As difamações que sofri, por prepotência, raiva ou falta de compreensão, e as falsas amizades foram tantas, que tiraram-me o valor.
E planejaram meu sacrifício em bandejas de prata e investiram-se contra mim com estacas afiadas.
Mas, apesar de todos os meus estresses, dissabores e fortes depressões, eu sempre fui uma pessoa muito resistente, e tinha minhas proteções.
Quando quase todos nos abandonam, sempre há aqueles que ficam conosco, que nos amam por amar, e que não sabíamos que podíamos contar.

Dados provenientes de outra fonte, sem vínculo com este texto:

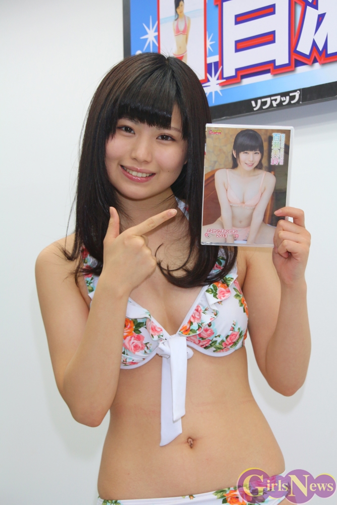 12月22日、 アイドルグループ『Fine Color』のメンバーでもある百瀬美鈴さんの新作DVD『ミスヤングチャンピオン2013』(イーネット・フロンティア)の発売を記念したイベントが、秋葉原・ソフマップアミューズメント館で行われた。
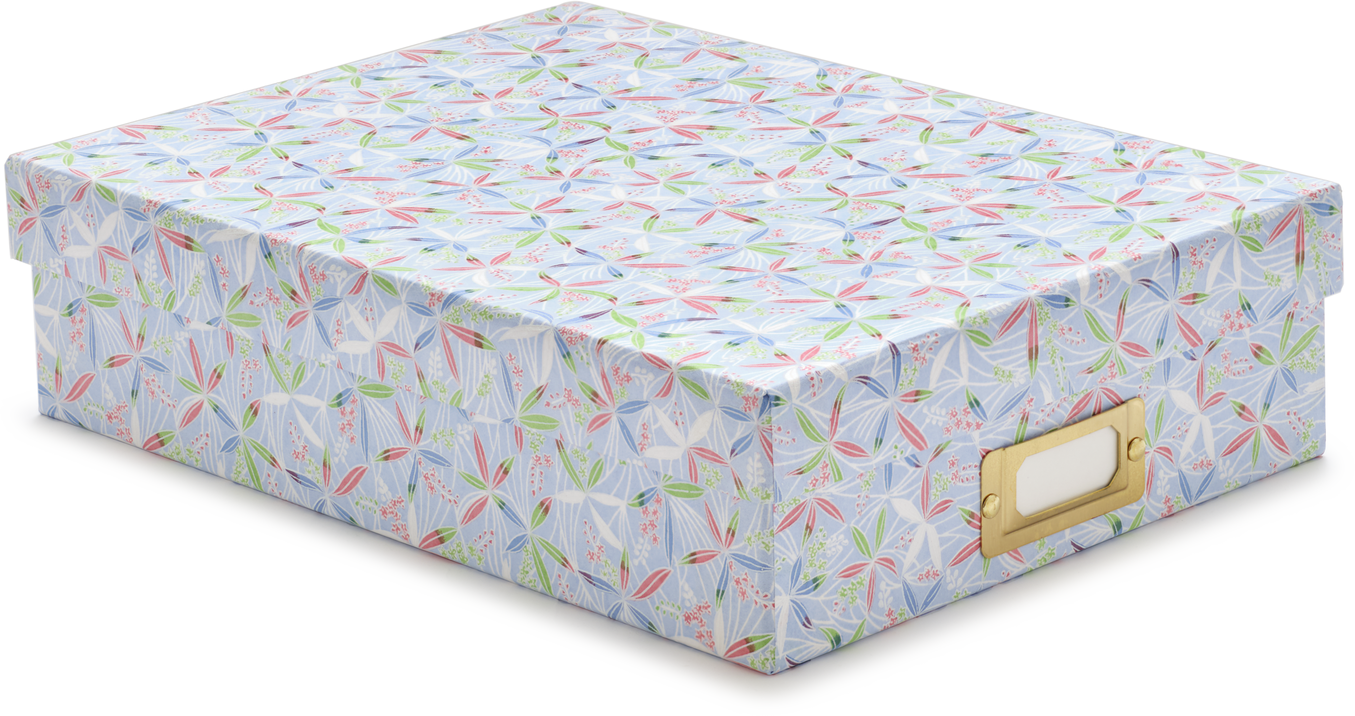 Handmade archival box, with Japanese paper motifs, lined inside (with creme paper) and using hand silk screen paper to cover. There is also a brass label holder on each box to make note of its contents.

E os meus filhos, à parte de tudo o que escrevo, apesar de os jogarem contra mim, sempre foram um exemplo disso, e sempre foram e serão os meus maiores amores.
Quando nos colocam no exílio, sempre há os que ficam ao nosso lado para nos aliviar a dor e confraternizar uma amizade e um amor que não tem preço.

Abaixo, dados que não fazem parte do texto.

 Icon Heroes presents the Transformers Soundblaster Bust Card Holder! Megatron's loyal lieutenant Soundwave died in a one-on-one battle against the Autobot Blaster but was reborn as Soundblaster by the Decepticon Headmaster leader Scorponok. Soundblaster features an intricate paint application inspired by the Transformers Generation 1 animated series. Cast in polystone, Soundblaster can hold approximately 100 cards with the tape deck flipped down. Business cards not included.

Dois vultos, um em cada lado, distinguiam-se em altura e em idade na neblina de meus sonhos.
Um deles afigurava-se-me um anjo esplendoroso, amoroso; mas ele não erguia sua cabeça, não ajudava a reerguer-me, não reagia as agressões que eu sofria e, cabisbaixo, parecia-me triste.
O outro — e é incrível dizer isto — era uma criança pura e irrequieta, que acenava-me eufórica, chamando-me para brincar.

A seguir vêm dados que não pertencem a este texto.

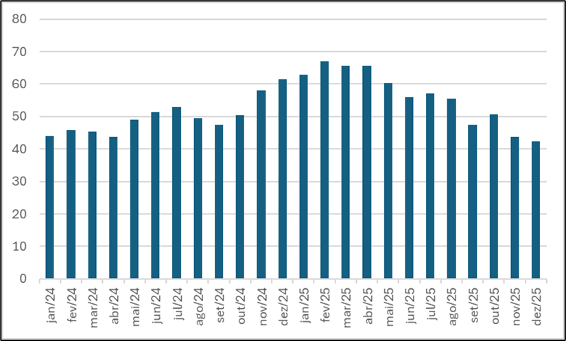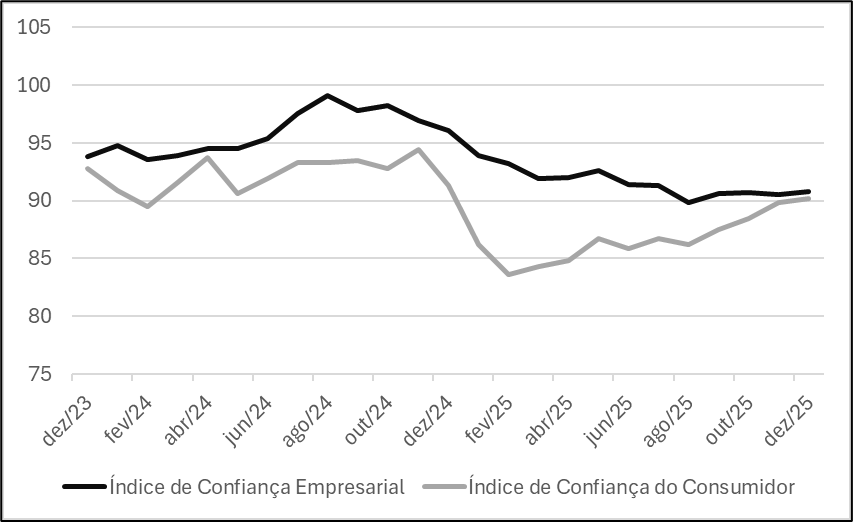Em síntese, os Índices de Confiança, tanto empresarial quanto do consumidor, indicam que o início de 2026 deve ser um pouco menos desafiador do que o observado ao longo de 2025. Os quesitos de expectativa fecharam o ano em alta, e eles costumam antecipar movimentos nas percepções de demanda em alguns meses, ou seja, indicando que podemos ver uma melhora da atividade. É esperado que o cenário macroeconômico melhore, com possibilidade de redução de juros e inflação dentro da meta, o que pode gerar efeitos positivos na confiança. Além disso, medidas de estímulo são esperadas e devem gerar aumento no poder de consumo dos brasileiros. Por outro lado, por ser um ano eleitoral, é esperada alguma volatilidade, especialmente se houver aumento da incerteza.
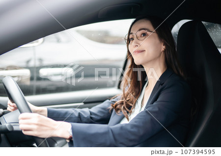 OKポーズをする車に乗ったスーツ姿の若い女性
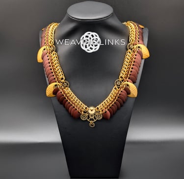 ANSWER 1. The purpose, definitely. When I design a new chainmail piece, I first decide what I want it to do, then I get an image in my head of how I want it to look. And then I sit down and experiment until the piece in my hands matches the image in my head. I love the challenge of making metal rings function the way I want them to, even when they often don’t cooperate.
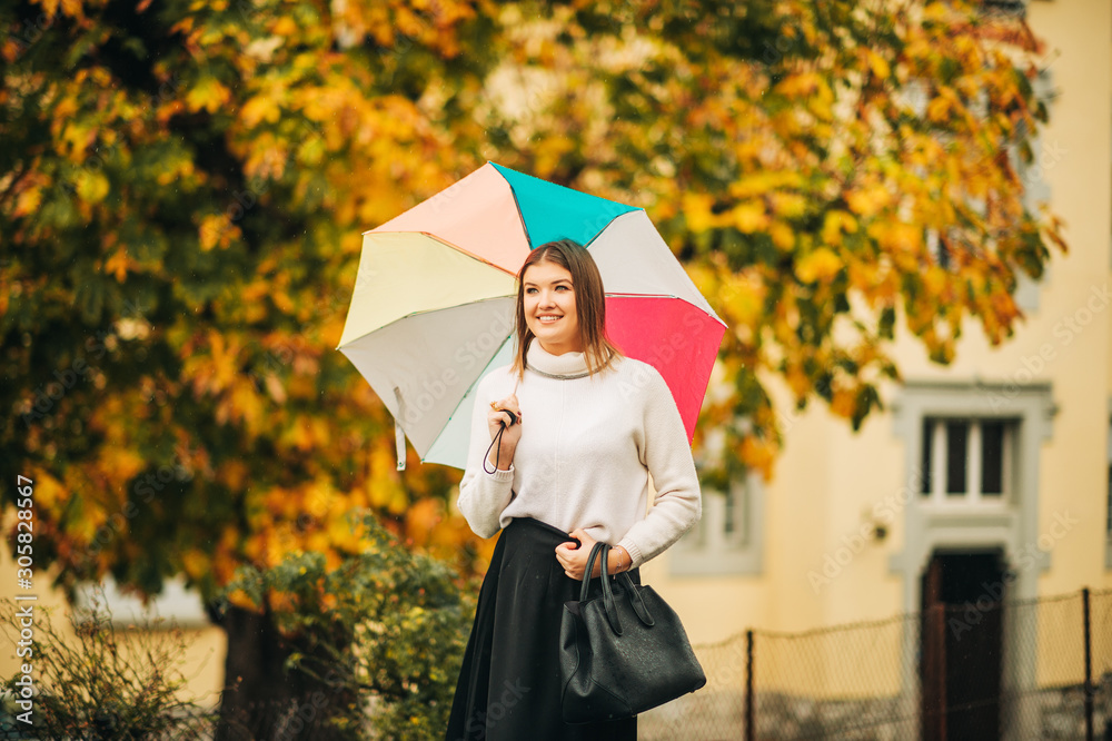 Stylish young woman under the rain, holding colorful umbrella, wearing warm pullover and black skirt
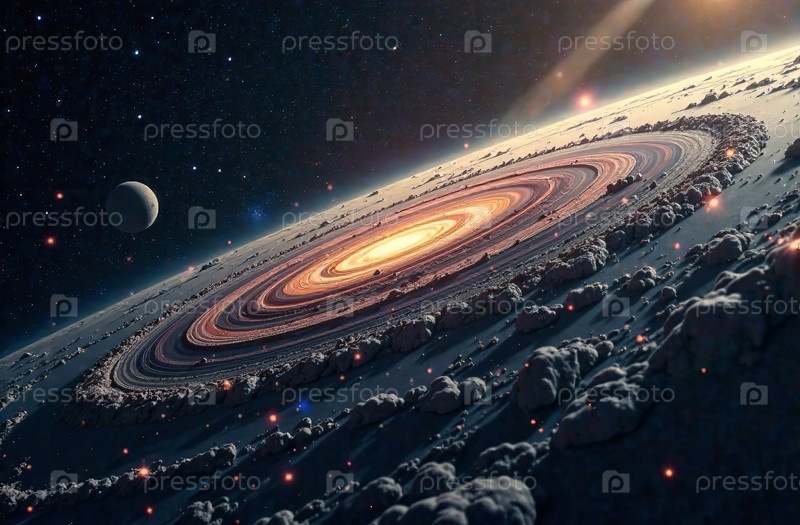 Открытая космическая астрономическая панорама звезд, спутников и планет. Генеративный ИИ
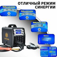 Интеллектуальная настройка параметров: Благодаря синергетической функции аппарат автоматически подбирает оптимальные параметры сварки. Всё, что нужно, это выбрать диаметр проволоки, тип металла и газовую смесь для достижения наилучшего результата.
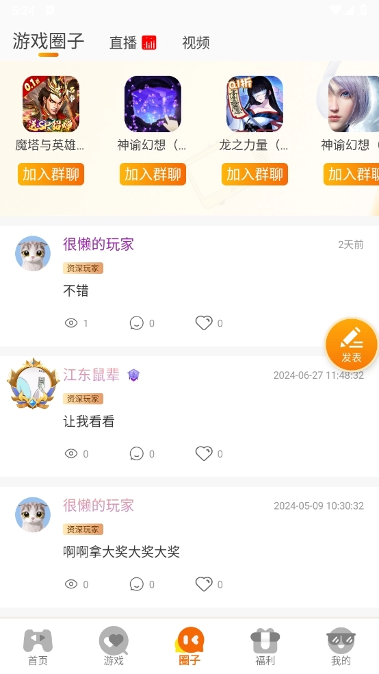 5、在“圈子”板块,可以与其他游戏玩家一起交流玩游戏经验。

                                               Parte III

Nesta época de interesses contraditórios, brigas familiares, avaliações incorretas da cabala e do tarô, e de incompreensões de minha amizade com os jovens bruxos, aliados a soberba e a falta de piedade de alguns em julgar meus sentimentos, fechavam um círculo ao meu redor.
E construíam-no com bases sólidas, e ergueram suas paredes num mundo fugaz, sem entender que suas bases seriam destruídas com o tempo e que deixariam marcas pelo tempo que eu viver.
O que fizemos aos outros, fizemos a nós mesmos, e nada permanece como antes.
Os tempos de uniões e de engajamentos solidários escorreram de minhas mãos e de meu coração, esvaíram-se pela incompreensão que tiveram de meus sentimentos e de meus direitos, assim como o sangue que deixei escorrer de meus pulsos feridos me enfraqueceu.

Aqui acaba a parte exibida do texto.